If you want polygons that are defined clockwise and anticlockwise, but otherwise equal, to be equal, then you'll have to create a canonicalization function. A function that given a polygons points starting from any point and in any order will return the points in equal order.

One algorithm that I can think of is to find the minimum of all possible sequences of points:

1. Find the set of top-leftmost points (points with minimum x of the points with minimum y), these are the starting points.
2. For each starting point and each direction, iteratively add connected points in the given direction and eliminate all that aren't top-leftmost in the current iteration. Halt when only one starting point,direction pair is left or when n-1 iterations are completed. If more than one starting point and direction is remaining, choose any - they are all isomorphic.
3. Reorder the points starting from the found point in the found direction.

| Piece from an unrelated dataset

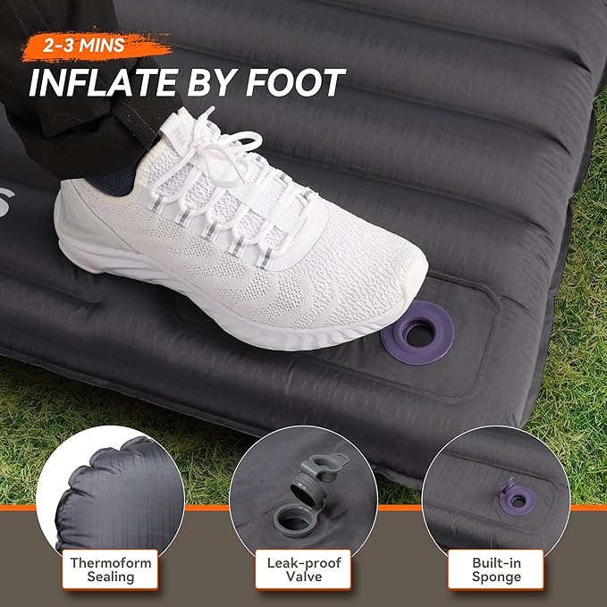 - EASY INFLATE & DEFLATE: No more blowing your camping mat with your mouth! It has a built-in foot pump that allows you to inflate it with your feet in 2-3 minutes. Simply open the deflation valve and it will deflate in seconds

This is O(n^2) worst-case for fully degenerate polygons, but if your polygons don't have overlapping points, this is O(n), with a pretty small constant factor.

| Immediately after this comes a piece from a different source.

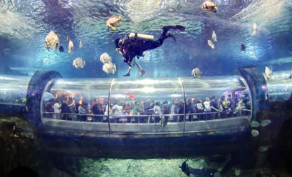 海底世界水族館飼養(yǎng)著來自世界各地的海洋動(dòng)物200多種,共10,000多艉(頭),其中有大量國家一級(jí)、二級(jí)珍稀保護(hù)動(dòng)物,檸檬鯊、豹紋鯊、護(hù)士鯊、海豚、江豚、綠海龜、海獅、海豹、蝠鲼、海狗供游人觀賞。270度環(huán)形的亞克力玻璃圍成的海底隧道全長100米左右,五光十色的珊瑚環(huán)繞在您的周圍,迷人的海底動(dòng)植物盡收眼底。透過窗口還可以看到一個(gè)古羅馬被海水淹沒城市的石像造景。海豚表演館占地面積1萬平方米,建筑面積3,000平方米,總貯水量200萬千克,能同時(shí)容納2000多人同時(shí)觀看表演,以展示生活在海洋中哺乳動(dòng)物的海獸表演為主,是一座具有國際標(biāo)準(zhǔn)的海洋動(dòng)物表演劇場。游客在此可以看到聰明可愛的海豚和滑稽可笑的海獅聯(lián)袂上演精彩紛呈的各項(xiàng)表演:海獅獻(xiàn)上迪斯科、倒立平衡、一獅兩球、套彩圈、單手倒立、頂球過障礙、親吻、水中交誼舞等一系列惟妙惟肖的表演;海豚上演的水中芭蕾舞、踢足球、環(huán)場鞠躬跳躍、伴著樂曲引吭高歌以及充分展示海豚智力的各種表演活動(dòng)。

With the canonicalized order you can easily compare two polygons for equality, just iteratively compare points for equality. Hashcode calculation is also trivial, use any reasonably robust hash combination method. For example:

int result = 0;
foreach (var point in this.points) {
    result = (result * 31 + point.X.GetHashCode()) * 31 + point.Y.GetHashCode();
}

Answer 7

For a very quick (to calculate) hash with the desired properties on clockwise/counter clockwise independence you would not want to be dependent on finding a well defined ordering of the points.

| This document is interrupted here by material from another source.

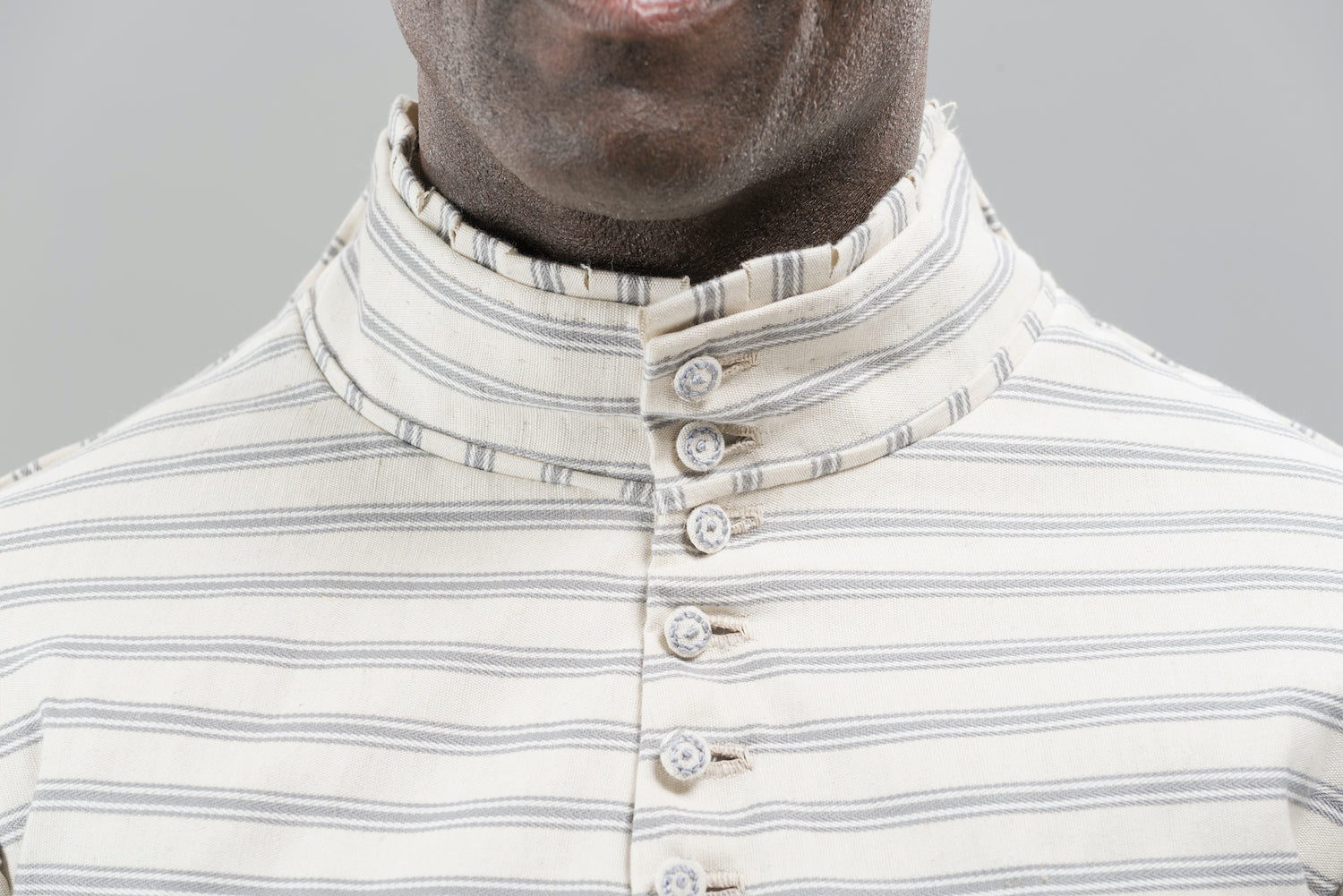 Made of cream/grey striped linen/cotton canvas lined througout with unbleached linen. The seams are finished with narrow welts (similar to modern piping) and the collar and wrists are edges with picadills. The jacket fastens at the front with hand embroidered and handmade cloth buttons and hand-stitched buttonholes. Eyelet holes are worked on the inside waist for trussing hose or breeches. All finishing is by hand and there is no visible machine stitching on the inside or outside.

This limits your hash combining operations to ones which commute. Therefore we wish to keep any and all data which is independent of orientation separate during the combining operations.

Here is a simple solution:

Assuming a combine function int -> int -> int which is associative any of the following will do to start with:

public static int combine(int h, int x)
{
    return h * 31 + x;
} 

public static int combine(int h, int x)
{
    return h ^ x;
}

Then we can do the following:

public override int GetHashCode()
{
    int x = 0;
    int y = 0;
    uint h = 0;    
    foreach (var point p in polgon)
    {
        x = combine(x, p.X);
        y = combine(y, p.Y);
        h++;
    }
    // simplified, unrolled Murmur2 hash for end stage
    const uint m = 0x5bd1e995;
    const int r = 24;
    uint h = count;
    uint k = ReinterpretInt32ToUInt32(x);
    k *= m;
    k ^= k >> r;
    k *= m;
    h *= m;
    h ^= k;
    k = ReinterpretInt32ToUInt32(y);
    k *= m;
    k ^= k >> r;
    k *= m;
    h *= m;
    h ^= k;
    // avalanche
    h ^= h >> 13;
    h *= m;
    h ^= h >> 15;
    return ReinterpretUInt32ToInt32(h);
}

Relying on this to make the code above easy

public unsafe uint ReinterpretInt32ToUInt32(int i)
{
    return *((uint*) (void*) &i);
}

public unsafe int ReinterpretUInt32ToInt32(uint u)
{
    return *((int*) (void*) &u);
}

This will not be the best hash in terms of collision avoidance but should be very fast to calculate and you may find it sufficient for your needs.